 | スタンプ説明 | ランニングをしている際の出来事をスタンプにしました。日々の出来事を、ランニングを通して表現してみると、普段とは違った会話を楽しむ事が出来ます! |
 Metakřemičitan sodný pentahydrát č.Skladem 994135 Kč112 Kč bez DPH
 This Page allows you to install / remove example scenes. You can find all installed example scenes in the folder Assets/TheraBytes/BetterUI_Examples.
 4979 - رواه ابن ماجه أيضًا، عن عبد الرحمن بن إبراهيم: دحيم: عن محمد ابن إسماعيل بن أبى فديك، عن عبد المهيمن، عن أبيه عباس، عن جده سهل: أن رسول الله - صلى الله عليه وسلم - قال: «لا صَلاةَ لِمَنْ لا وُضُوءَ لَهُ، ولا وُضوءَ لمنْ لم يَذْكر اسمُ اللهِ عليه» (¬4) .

---

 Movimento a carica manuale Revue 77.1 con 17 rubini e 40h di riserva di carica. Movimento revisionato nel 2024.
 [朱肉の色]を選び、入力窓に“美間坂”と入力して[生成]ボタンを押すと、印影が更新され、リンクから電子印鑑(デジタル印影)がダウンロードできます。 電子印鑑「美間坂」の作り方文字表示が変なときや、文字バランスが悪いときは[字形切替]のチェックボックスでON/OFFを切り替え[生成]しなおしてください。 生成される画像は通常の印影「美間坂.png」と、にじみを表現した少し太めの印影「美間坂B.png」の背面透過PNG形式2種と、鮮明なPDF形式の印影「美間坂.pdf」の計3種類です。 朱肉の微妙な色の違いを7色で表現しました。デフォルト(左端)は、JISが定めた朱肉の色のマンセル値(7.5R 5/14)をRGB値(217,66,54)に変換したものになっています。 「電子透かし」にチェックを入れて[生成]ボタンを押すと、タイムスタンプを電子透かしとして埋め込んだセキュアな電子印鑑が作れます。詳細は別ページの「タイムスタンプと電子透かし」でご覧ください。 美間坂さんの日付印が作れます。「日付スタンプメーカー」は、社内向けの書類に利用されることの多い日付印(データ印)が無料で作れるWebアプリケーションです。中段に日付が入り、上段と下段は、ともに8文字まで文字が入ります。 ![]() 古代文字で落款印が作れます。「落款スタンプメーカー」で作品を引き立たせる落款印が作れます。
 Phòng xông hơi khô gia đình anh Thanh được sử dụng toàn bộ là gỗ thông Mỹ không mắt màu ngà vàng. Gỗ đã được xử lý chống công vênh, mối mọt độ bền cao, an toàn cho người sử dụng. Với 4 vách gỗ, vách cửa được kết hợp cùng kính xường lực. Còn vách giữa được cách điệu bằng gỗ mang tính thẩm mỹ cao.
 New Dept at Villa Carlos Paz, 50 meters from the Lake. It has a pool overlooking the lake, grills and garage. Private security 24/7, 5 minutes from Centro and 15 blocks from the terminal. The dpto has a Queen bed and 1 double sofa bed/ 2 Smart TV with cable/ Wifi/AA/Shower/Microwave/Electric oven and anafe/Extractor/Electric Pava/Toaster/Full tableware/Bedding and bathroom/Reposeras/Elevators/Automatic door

* * *

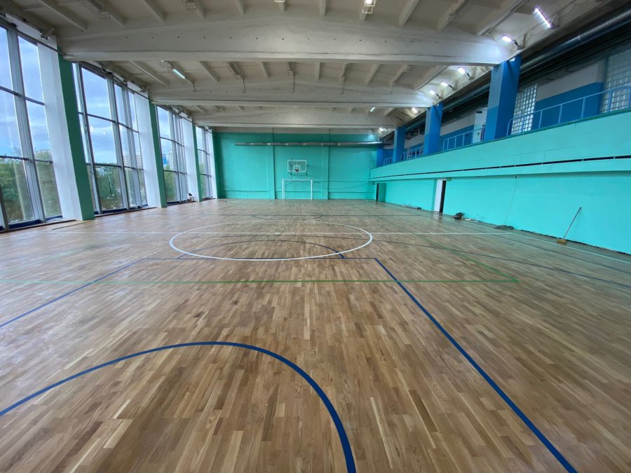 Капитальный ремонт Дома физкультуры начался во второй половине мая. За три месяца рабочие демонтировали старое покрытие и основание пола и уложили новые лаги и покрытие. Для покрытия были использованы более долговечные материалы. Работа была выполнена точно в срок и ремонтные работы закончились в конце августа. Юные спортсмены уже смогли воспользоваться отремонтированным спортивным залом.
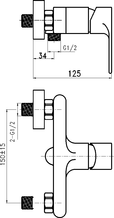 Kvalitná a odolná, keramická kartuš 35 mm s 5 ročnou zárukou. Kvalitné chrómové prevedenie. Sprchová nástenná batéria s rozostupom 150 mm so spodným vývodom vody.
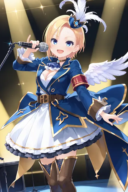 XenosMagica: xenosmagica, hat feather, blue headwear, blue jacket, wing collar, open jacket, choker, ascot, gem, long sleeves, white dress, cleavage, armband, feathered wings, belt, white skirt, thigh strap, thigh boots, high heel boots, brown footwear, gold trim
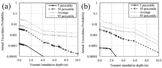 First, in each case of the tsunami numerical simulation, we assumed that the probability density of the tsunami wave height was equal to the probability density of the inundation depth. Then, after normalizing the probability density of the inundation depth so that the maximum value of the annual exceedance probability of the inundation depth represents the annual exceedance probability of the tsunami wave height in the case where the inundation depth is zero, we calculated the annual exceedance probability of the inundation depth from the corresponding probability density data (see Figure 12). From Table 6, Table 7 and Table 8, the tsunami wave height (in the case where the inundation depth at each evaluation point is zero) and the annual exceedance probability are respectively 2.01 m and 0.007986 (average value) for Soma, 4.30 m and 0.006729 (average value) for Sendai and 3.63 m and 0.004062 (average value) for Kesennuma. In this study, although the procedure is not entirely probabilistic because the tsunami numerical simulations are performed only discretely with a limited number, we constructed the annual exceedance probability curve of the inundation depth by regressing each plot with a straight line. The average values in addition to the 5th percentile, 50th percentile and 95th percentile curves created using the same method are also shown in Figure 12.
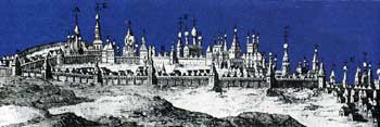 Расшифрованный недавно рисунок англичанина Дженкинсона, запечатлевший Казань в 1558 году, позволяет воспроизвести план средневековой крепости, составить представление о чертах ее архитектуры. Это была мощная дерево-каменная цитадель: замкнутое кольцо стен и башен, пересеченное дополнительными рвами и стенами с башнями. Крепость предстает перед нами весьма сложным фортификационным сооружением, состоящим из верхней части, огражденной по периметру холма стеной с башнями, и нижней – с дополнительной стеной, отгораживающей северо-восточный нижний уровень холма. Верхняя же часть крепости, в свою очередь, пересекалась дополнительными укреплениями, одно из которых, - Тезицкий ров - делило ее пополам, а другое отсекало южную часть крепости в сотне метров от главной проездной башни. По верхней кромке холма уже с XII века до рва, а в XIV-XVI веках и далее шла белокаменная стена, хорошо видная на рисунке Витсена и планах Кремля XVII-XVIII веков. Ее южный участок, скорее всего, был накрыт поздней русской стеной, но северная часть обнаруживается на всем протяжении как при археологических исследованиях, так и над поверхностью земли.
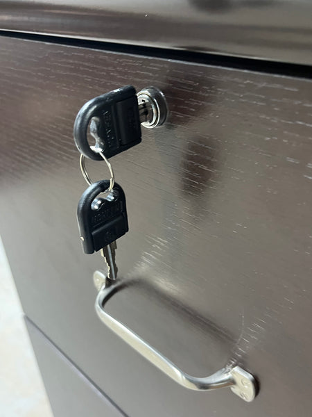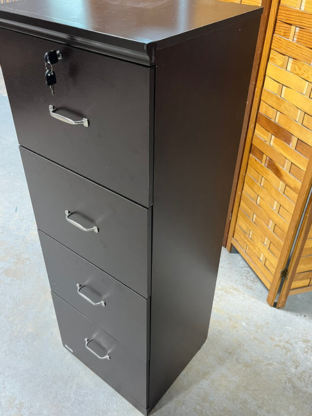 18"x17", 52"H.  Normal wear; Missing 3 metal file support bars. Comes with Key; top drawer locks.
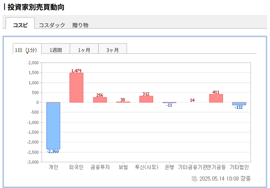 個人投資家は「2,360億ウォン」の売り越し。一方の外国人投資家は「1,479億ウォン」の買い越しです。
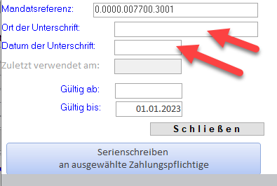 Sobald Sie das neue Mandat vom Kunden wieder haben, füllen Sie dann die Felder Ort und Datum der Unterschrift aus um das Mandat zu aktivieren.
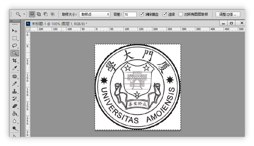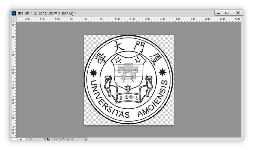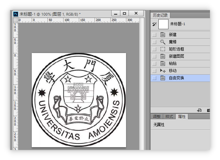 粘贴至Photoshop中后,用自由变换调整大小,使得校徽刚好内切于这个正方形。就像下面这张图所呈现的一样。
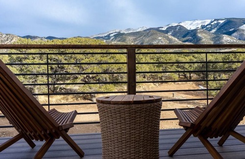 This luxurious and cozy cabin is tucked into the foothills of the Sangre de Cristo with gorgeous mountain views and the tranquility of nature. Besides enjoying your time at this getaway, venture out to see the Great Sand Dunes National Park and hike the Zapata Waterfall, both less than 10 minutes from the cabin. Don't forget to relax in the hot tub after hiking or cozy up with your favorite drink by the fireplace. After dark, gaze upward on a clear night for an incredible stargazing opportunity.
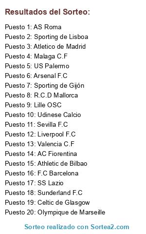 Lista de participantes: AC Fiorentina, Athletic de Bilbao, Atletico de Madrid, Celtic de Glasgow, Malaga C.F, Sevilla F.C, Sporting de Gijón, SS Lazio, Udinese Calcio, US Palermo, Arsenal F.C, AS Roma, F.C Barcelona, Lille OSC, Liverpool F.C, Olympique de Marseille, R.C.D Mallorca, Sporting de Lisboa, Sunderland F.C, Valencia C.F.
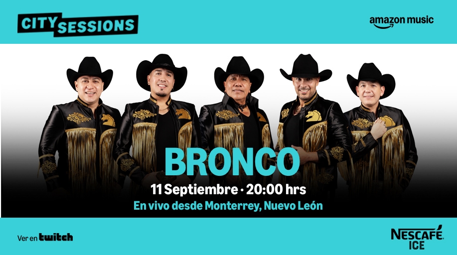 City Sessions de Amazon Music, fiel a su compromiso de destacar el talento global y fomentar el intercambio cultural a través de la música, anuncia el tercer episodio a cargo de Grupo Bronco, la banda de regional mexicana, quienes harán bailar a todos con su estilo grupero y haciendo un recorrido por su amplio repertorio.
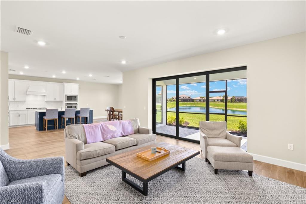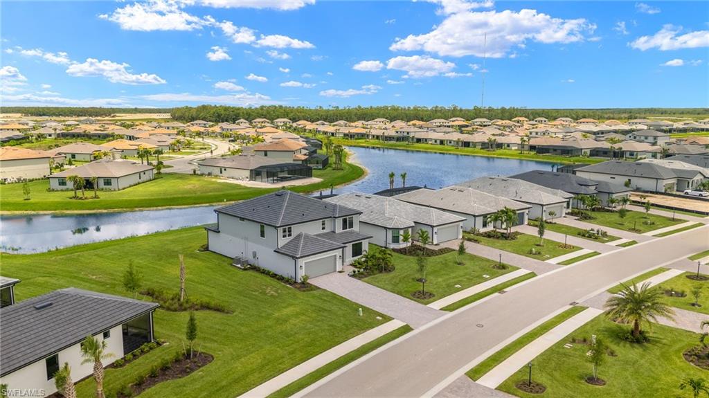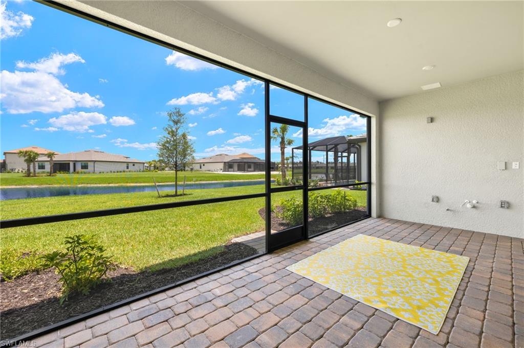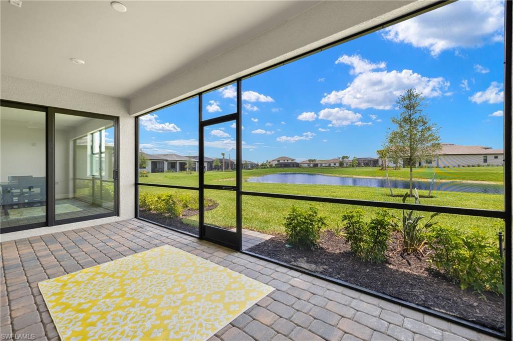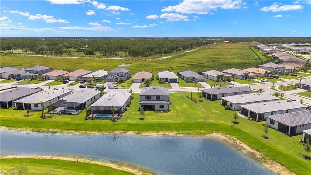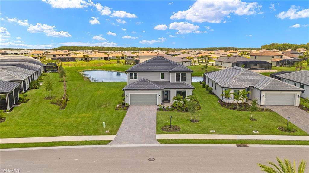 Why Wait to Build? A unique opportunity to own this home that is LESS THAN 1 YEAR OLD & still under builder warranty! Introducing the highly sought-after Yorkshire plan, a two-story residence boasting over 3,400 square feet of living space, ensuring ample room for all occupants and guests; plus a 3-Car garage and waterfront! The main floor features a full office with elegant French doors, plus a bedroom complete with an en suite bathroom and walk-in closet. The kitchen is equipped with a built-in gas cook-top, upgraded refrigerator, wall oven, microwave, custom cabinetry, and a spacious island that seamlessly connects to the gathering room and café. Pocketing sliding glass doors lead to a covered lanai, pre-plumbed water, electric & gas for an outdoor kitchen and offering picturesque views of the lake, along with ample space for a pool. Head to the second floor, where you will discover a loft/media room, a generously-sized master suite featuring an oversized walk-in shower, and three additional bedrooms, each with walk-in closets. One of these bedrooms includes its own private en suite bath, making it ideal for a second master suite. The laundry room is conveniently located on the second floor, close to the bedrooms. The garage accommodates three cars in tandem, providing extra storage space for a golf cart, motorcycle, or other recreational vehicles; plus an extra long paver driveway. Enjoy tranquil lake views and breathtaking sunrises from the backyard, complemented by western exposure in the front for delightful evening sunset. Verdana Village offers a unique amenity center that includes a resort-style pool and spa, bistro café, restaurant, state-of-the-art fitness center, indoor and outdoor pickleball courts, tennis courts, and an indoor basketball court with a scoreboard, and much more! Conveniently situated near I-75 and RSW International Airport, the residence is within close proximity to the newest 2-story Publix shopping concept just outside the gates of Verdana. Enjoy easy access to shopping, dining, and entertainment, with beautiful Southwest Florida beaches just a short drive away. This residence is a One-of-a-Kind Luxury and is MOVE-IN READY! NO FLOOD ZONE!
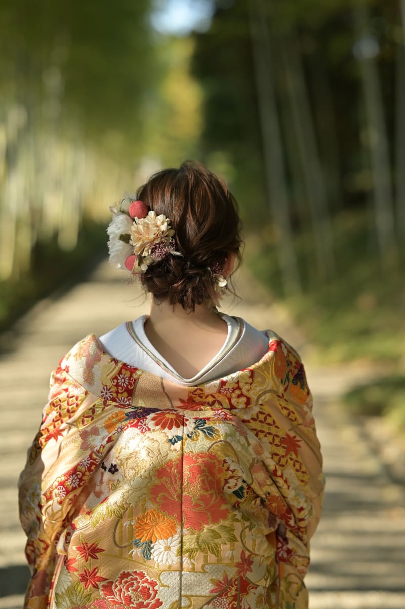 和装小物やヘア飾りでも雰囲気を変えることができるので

YOUR OBJECTIVE |
From the records above, transcribe exactly the run of lines that opens with the line holding "This Page allows" and closes with the line holding "4979 - رواه", both included.

RESPONSE TO THE EXERCISE |
 This Page allows you to install / remove example scenes. You can find all installed example scenes in the folder Assets/TheraBytes/BetterUI_Examples.
 4979 - رواه ابن ماجه أيضًا، عن عبد الرحمن بن إبراهيم: دحيم: عن محمد ابن إسماعيل بن أبى فديك، عن عبد المهيمن، عن أبيه عباس، عن جده سهل: أن رسول الله - صلى الله عليه وسلم - قال: «لا صَلاةَ لِمَنْ لا وُضُوءَ لَهُ، ولا وُضوءَ لمنْ لم يَذْكر اسمُ اللهِ عليه» (¬4) .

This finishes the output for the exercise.